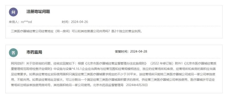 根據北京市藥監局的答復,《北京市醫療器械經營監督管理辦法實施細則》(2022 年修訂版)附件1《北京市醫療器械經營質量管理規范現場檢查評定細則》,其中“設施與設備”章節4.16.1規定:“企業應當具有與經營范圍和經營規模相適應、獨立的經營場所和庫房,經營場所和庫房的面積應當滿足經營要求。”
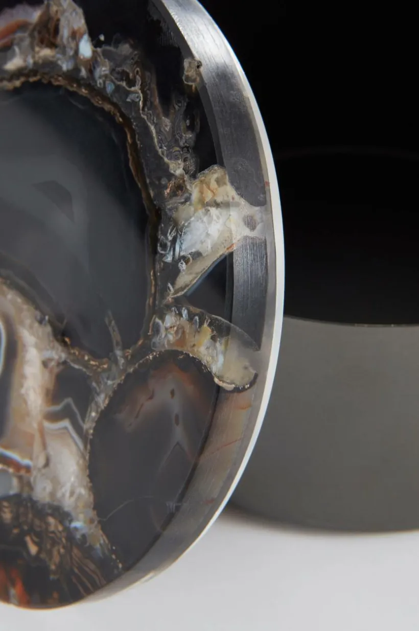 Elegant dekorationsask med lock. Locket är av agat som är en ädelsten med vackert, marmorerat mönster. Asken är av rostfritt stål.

* * *

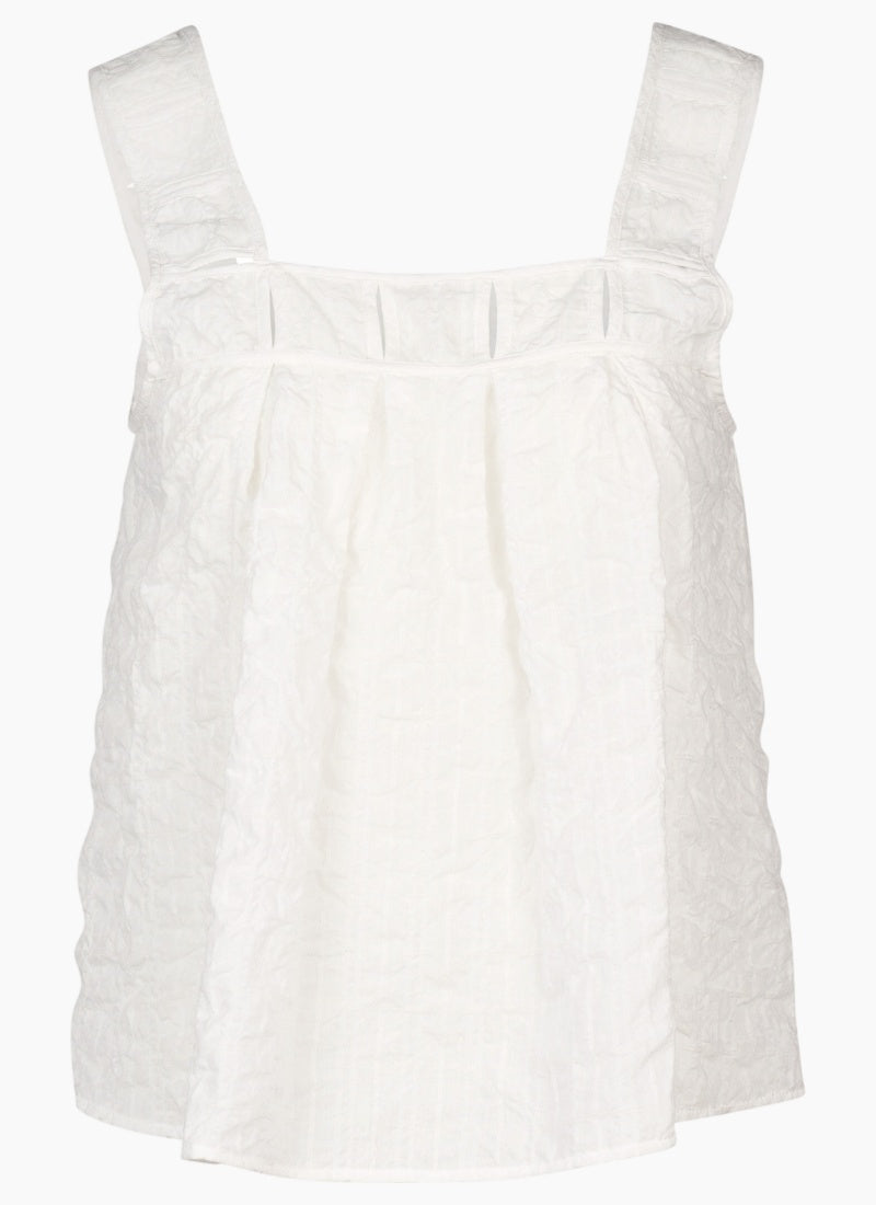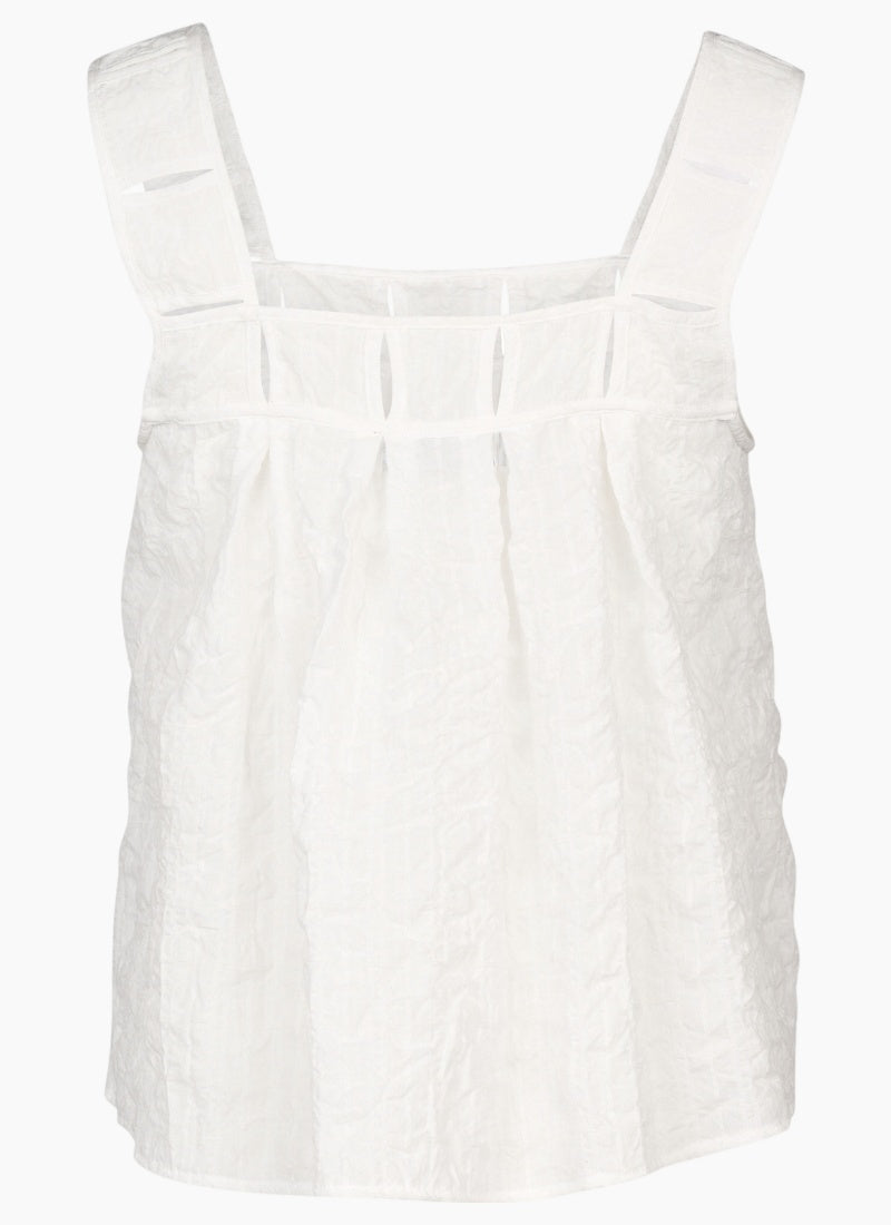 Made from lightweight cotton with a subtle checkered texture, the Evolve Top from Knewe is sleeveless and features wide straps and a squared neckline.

==

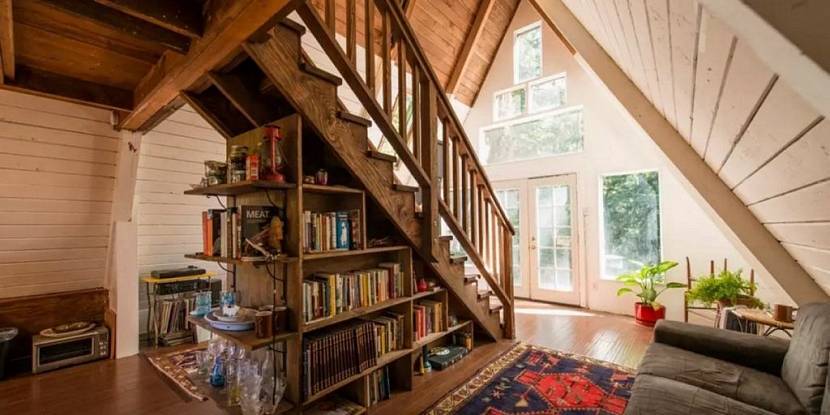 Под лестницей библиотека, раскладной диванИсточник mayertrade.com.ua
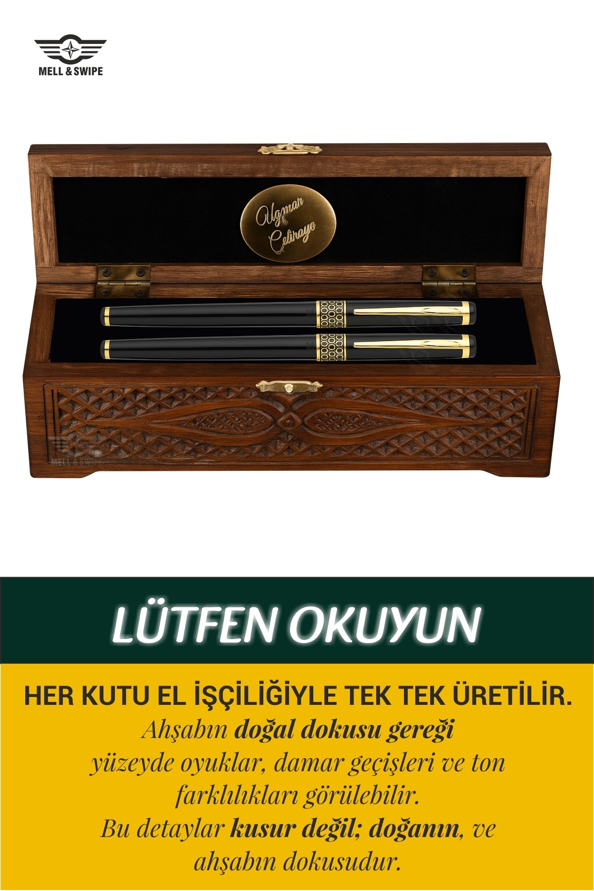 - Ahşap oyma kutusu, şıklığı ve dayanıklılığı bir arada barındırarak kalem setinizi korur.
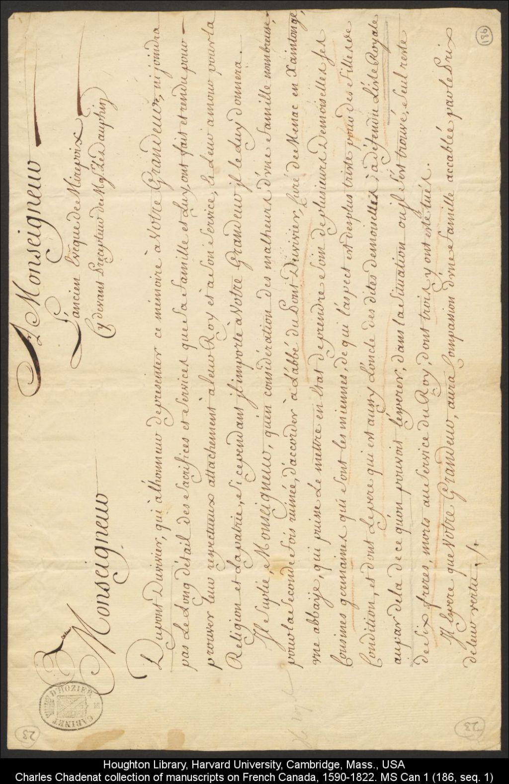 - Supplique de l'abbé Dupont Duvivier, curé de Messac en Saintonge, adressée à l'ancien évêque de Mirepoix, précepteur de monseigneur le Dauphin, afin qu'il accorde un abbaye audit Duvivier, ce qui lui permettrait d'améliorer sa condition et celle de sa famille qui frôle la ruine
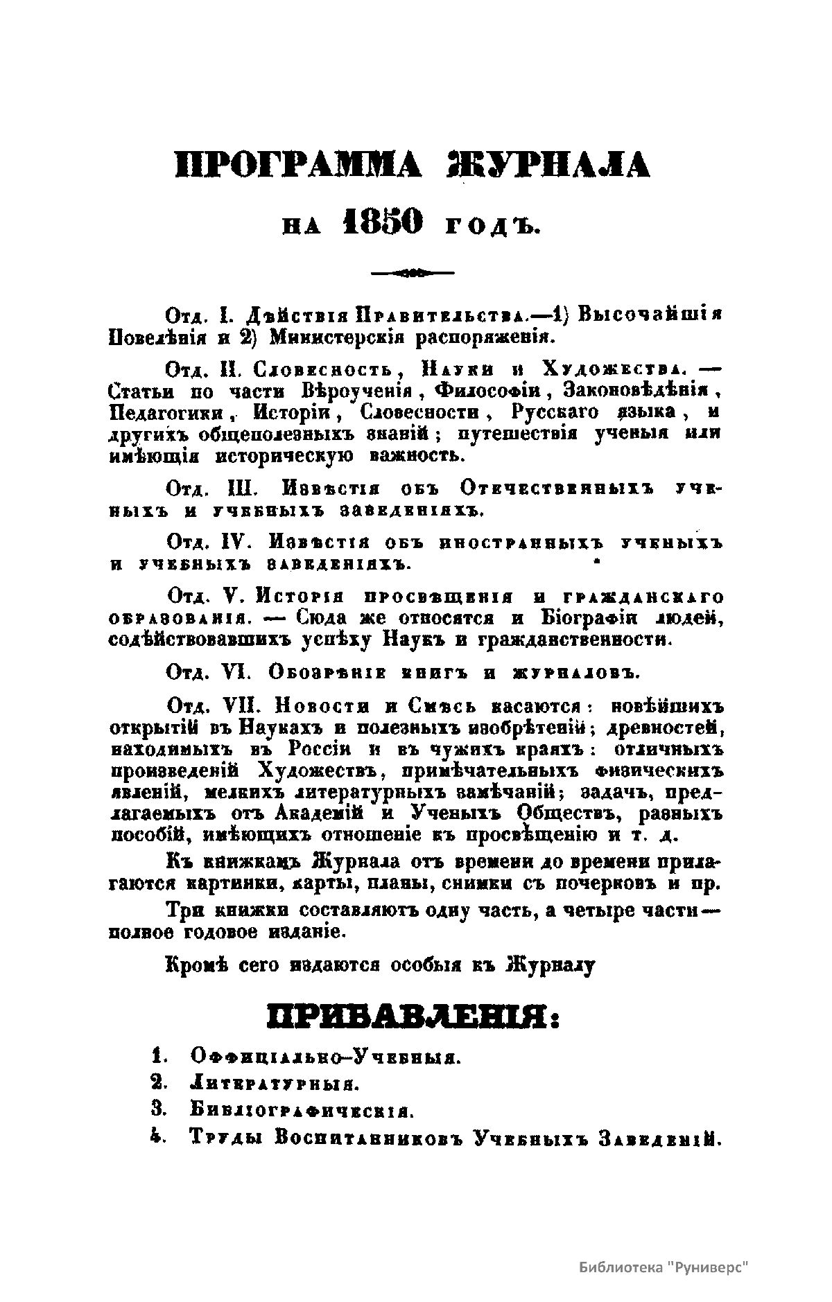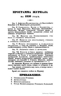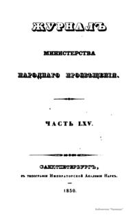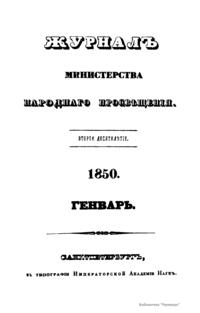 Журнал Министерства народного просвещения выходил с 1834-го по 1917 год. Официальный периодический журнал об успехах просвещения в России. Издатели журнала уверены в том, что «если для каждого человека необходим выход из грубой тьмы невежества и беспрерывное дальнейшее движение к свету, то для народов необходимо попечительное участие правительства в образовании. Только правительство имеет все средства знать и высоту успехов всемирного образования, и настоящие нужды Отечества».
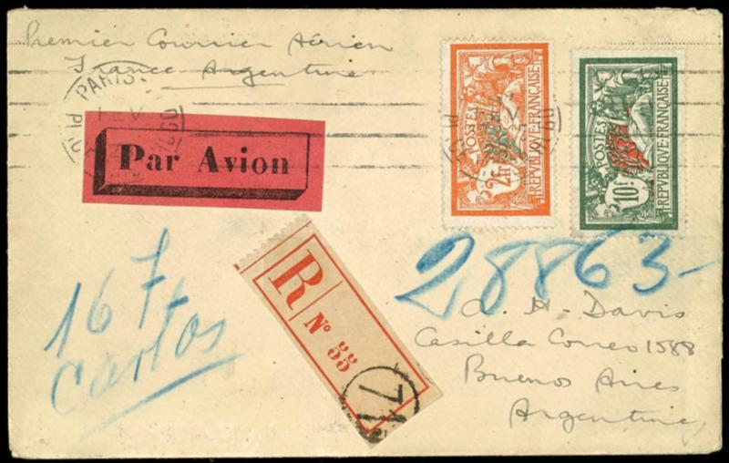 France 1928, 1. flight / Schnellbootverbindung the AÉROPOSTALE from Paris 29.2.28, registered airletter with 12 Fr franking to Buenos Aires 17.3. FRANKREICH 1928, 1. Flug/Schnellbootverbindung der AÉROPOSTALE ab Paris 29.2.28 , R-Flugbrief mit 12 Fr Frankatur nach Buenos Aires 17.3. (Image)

* _Task goal_:
Nothing but the lines above from the line with "根據北京市藥監局的答復,《北" up to and including the line with "Elegant dekorationsask med" should be returned, exactly as written and without pictures.

* _Answer to the problem_:
 根據北京市藥監局的答復,《北京市醫療器械經營監督管理辦法實施細則》(2022 年修訂版)附件1《北京市醫療器械經營質量管理規范現場檢查評定細則》,其中“設施與設備”章節4.16.1規定:“企業應當具有與經營范圍和經營規模相適應、獨立的經營場所和庫房,經營場所和庫房的面積應當滿足經營要求。”
 Elegant dekorationsask med lock. Locket är av agat som är en ädelsten med vackert, marmorerat mönster. Asken är av rostfritt stål.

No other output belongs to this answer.